Last week The Bill & Malinda Gates Foundation released initial findings from its Measures of Effective Teaching investigation — a much needed $45 million effort to determine which teachers are good or not, and why.
As other research has found, the Gates investigators concluded that the value- added calculations of a teacher's performance can fluctuate significantly but not enough to preclude the data from being used as part of a more comprehensive system of evaluation. (A position I've argued here since this blog's inception.) As Education Week summed it up: "So far, the study...appears to support the notion, advocated by teachers’ unions and others, that evaluations should be based on multiple measures."
Perhaps, most importantly, the initial findings revealed much stronger correlations between classroom conditions, teaching practices and student achievement. Most notable were similarities in the predictive effect of teachers' value-added histories and students’ perceptions of a teacher’s ability to challenge students with rigorous work.
As the MET findings suggest, success in accurately identifying effective teachers will require erudite interpretation from those who know teaching and learning and the context in which practitioners teach. The researchers concluded that “reinventing the way we evaluate and develop teachers will eventually require new infrastructure” — using digital video as well as peer observations.
In determining who is an effective teacher, it's time for classroom practitioners (and their unions) to take the lead in establishing and enforcing standards among their ranks and beginning to function more like professional guilds.
Dina Strasser, a TLN member from our virtual community, engaged in a lengthy conversation earlier this fall with a doctor-turned-teacher over what it might take for teaching to fully evolve as a profession. It makes for interesting reading.
Perhaps Vinnie Basile of Westminster 50 (Colorado) — a participant in the CTQ/TLN New Millennium Initiative — put it most clearly and simply:
Transforming the union into the professional guild is the central, unifying solution to many of the otherwise divided issues in education reform.
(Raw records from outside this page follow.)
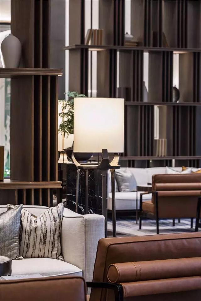 燈具和沙發(fā)皆用白色,分別以光和質感的方式形成呼應,在深色調(diào)的屏風格架的對比下,提供一種具有品質和細節(jié)感的舒適。實木框架配暖橙色皮革的沙發(fā),以舒適的坐感和細膩的手感為客人提供舒適的交流環(huán)境。加之古銅色茶幾更具視覺重量的軟裝要素,為銷售區(qū)在心理上平添了低調(diào)的信任感。
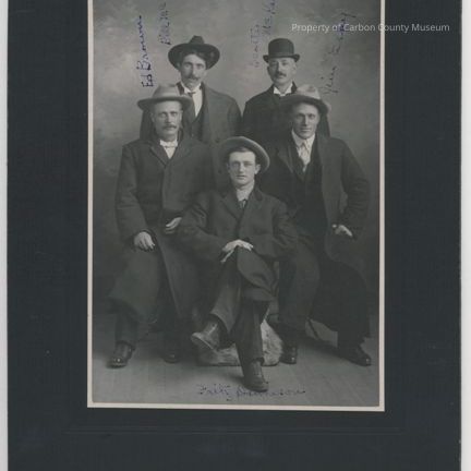Written in blue ink identifying each man [from left clockwise]: "Ed Brown Bill McPherson Scotty McKay Jim Espy Fritz Dennison".
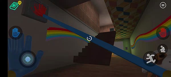 7、当手套收集完成会自动的带入手中,这个时候可以看到在墙的两侧有红色、蓝色的手印,玩家只需要将手套对着相对应的区域即可将房门打开。
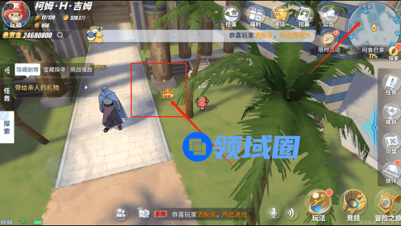 从南门港口处直接上来,一旁的椰子树下有个宝箱,但宝箱被密码锁着,找密码线索的话,需要逆时针依次前往4个城门旁的椰子树下获得密码线索。
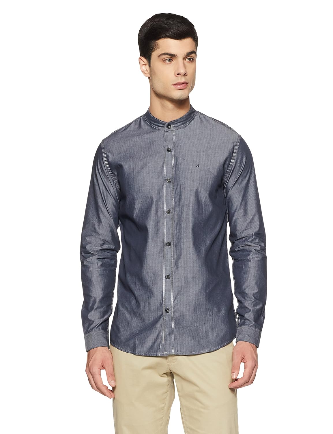 Calvin Klein Men's Solid Regular Fit Cotton Casual Shirt

It empowers teachers to take control of their own career paths, enforcing a set of standards that in many cases would far exceed the expectations of policymakers and the general public.
The MET research edges teaching toward professionalism by helping establish empirical links between what teachers do and how students learn — and why. But only teacher leaders can truly make sense of all of this data. And they are in the best position to ensure that the data are used to drive changes in everyday classroom realities and the improvements in the lives of students and their families and communities.

Yes - this inching towards effective evaluation of teachers is a positive note, in what often becomes an unhelpful reform debate. However, my question is - what do we do when we get there?
Let's say we do learn how to evaluate teachers effectively and we find, as I suspect we will, that the career of teaching has attracted many members of the corps who are not intellectually up to the task. Are we ready to invest in a truly effective teaching force? Are we willing to give up on a rather cheap contingent of people whose main view of teaching is "lovin the kids" and work to attract a new group who are not only into "lovin the kids" but the deeper and time consuming work of creating an energetic learning environment centered around a deep understanding of content and pedagogy. I think we are not really ready for the change (in dollars) necessary to attract the type of people that the research finds are truly effective. So I am again left with the wondering - if we are not going to fix it, why analyze it?
Sorry for sounding like such a downer but my glass is half full today!
Posted by: Lizwisniewski | December 18, 2010 at 08:30 AM
Liz. Sorry for the tardy response! I hold the same sentiments, but I am buoyed by our growing virtual community of accomplished teachers whose collective voices we seek to elevate -- and our efforts to have their ideas heard, understood, and embraced.
My latest post on teacherpreneurism - a concept illuminated in a new book. Teaching 2030, that I have penned with 12 teaching colleagues — pushes on some the important issues you have raised. we have an uphill climb. There are significant forces that have sought to keep teachers "cheap and compliant" for a long time. But they can be overcome....but not w/o teacher leaders like you!